В решающий момент распахнулась дверь штаба. Это был Байер, собственной персоной, — он вышел посмотреть, из-за чего на лестнице шум. Улыбчивым взглядом снисходительного к детским шалостям директора школы он разом окинул всю сцену, и она явно его позабавила. Рев толпы ничуть его не смутил; дело привычное. Он улыбнулся и пожал руку перепуганному и совершенно сбитому с толку Артуру, возложив ему на плечо уверенную отеческую длань. «Людвиг!» — заревели зрители. «Людвиг! Артур! Речь!» Байер рассмеялся и одним-единственным добродушным жестом поприветствовал их и объявил митинг закрытым. И развернулся, чтобы препроводить нас с Артуром в штаб. Шум снаружи постепенно стих, распавшись на пение, на отдельные шутливые выкрики. В самом штабе зажатые между кучками отчаянно спорящих между собой мужчин и женщин машинистки искренне старались сосредоточиться на работе. Стены были сплошь оклеены сводками новостей с результатами выборов. Мы протиснулись в маленький кабинет Байера. Артур тут же опустился на стул и принялся обмахиваться своей чудом уцелевшей шляпой.

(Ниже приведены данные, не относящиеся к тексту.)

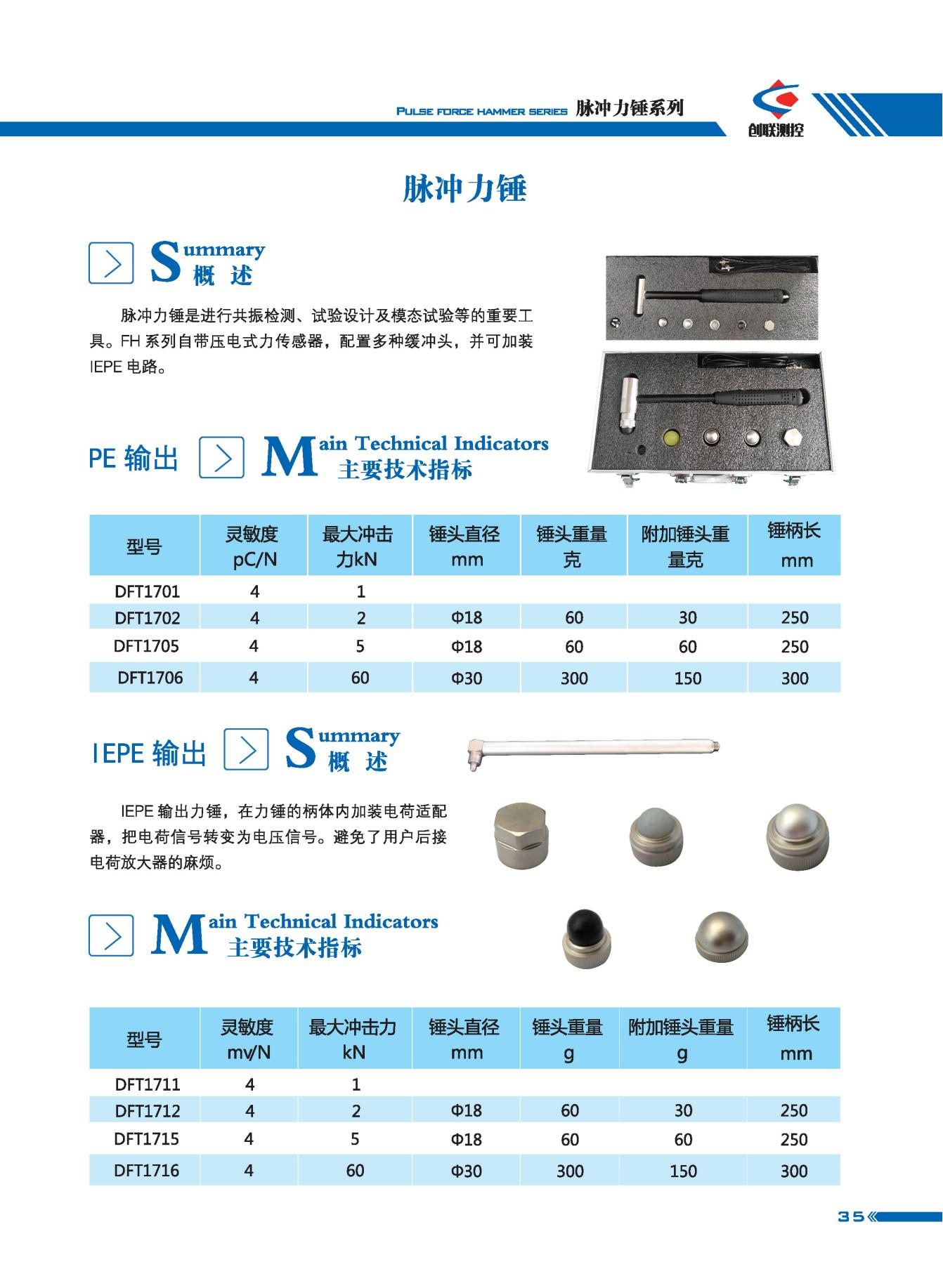 脉冲力锤是进行共振检测、试验设计及模态试验等的重要工具。FH系列自带压电式力传感器,配置多种缓冲头,并可加装 EPE电路。

— Нет, ну надо же… бог ты мой! Вот уж, что называется, попал в водоворот истории; еле выбрался. Нет, это и в самом деле красный день календаря для нашего общего дела.
Взгляд Байера остановился на нем: живо, заинтересованно и как будто даже с легкой толикой удивления:
— А что, вас это удивляет?
— Ну — э — должен признать, что я никак, даже в самых радужных мечтах, не осмеливался надеяться на столь решительную — э — победу.
Бауэр одобрительно кивнул:
— Да, вышло и в самом деле неплохо. Но как мне кажется, было бы неразумно преувеличивать значимость нашего успеха. Нам сыграл на руку целый ряд факторов. Хотя сам по себе факт, конечно, как это по-вашему, симптомический?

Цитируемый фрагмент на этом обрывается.